Work task
Write out the listing exactly, from its first line through the line holding "Features an abstract", but include none of the pictures.

____ Data section

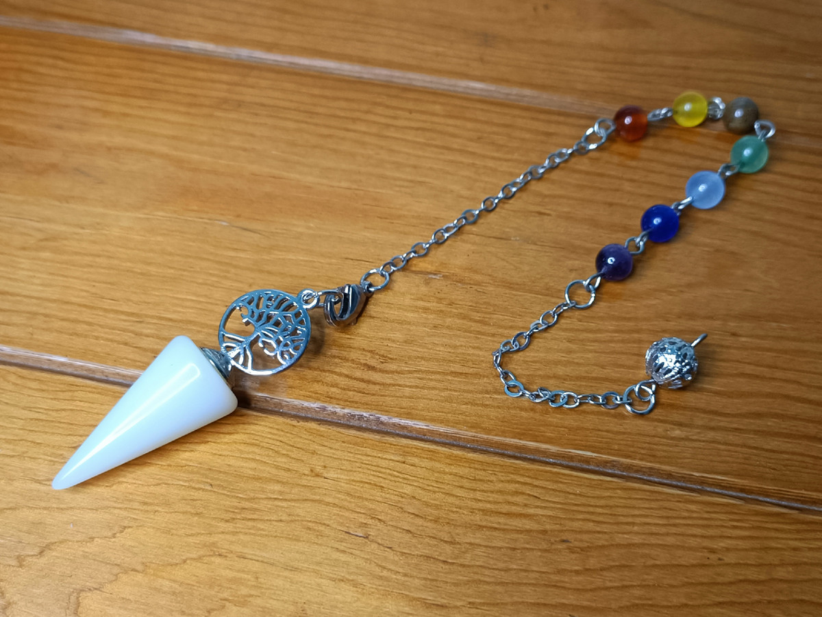 This pendulum is more than a mere tool; it is a work of art and a spiritual companion. When held in your hand, you’re holding a tangible symbol of growth, connection, and self-discovery. Whether you’re seeking answers, exploring your inner landscape, or simply admiring intricate craftsmanship, this pendulum invites you to delve into the realm of the unseen and unlock the wisdom that resides within. Let this pendulum be a source of inspiration, guidance, and alignment. Whether you use it for intuitive insights, energy work, or as a focal point for meditation, its presence is a reminder of the beauty that can emerge when nature’s elements and spiritual symbolism unite. Display it proudly as a centerpiece, a conversation starter, or a cherished tool on your journey of exploration and enlightenment.
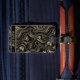 Features an abstract marbled gold design on a black background. Personalize with a name on the front, and a name and address on the back.
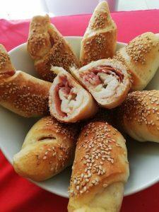 Semi di sesamo q.b. Il procedimento. Stesi i rotoli di pasta sfoglia, tagliare con un coltello la sfoglia a forma di triangolo isoscele. Posizionare il formaggio sulla base e le fette di prosciutto lungo i lati. Partendo dalla base, arrotolare il tutto e curvare le due estremità per conferirgli la classica forma del cornetto. Spennellare la superficie con il tuorlo d'uovo e spolverarla con i semi di sesamo. Infine, mettere in forno preriscaldato a 180 gradi per 10/15 minuti fino a cottura ultimata.
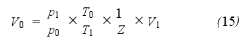 由式(14)可知,氣體的體積與壓力、溫度及壓縮系數均有關,氣體渦輪流量計必須把工況下測得的體積數經過壓力、溫度修正換算為標準狀態下的體積值。且當氣體的溫度比較低,壓力比較高時,必須考慮壓縮系數的影響,這樣才能保證高精度的氣體流量計量。換算公式為:

________

The completed task
 This pendulum is more than a mere tool; it is a work of art and a spiritual companion. When held in your hand, you’re holding a tangible symbol of growth, connection, and self-discovery. Whether you’re seeking answers, exploring your inner landscape, or simply admiring intricate craftsmanship, this pendulum invites you to delve into the realm of the unseen and unlock the wisdom that resides within. Let this pendulum be a source of inspiration, guidance, and alignment. Whether you use it for intuitive insights, energy work, or as a focal point for meditation, its presence is a reminder of the beauty that can emerge when nature’s elements and spiritual symbolism unite. Display it proudly as a centerpiece, a conversation starter, or a cherished tool on your journey of exploration and enlightenment.
 Features an abstract marbled gold design on a black background. Personalize with a name on the front, and a name and address on the back.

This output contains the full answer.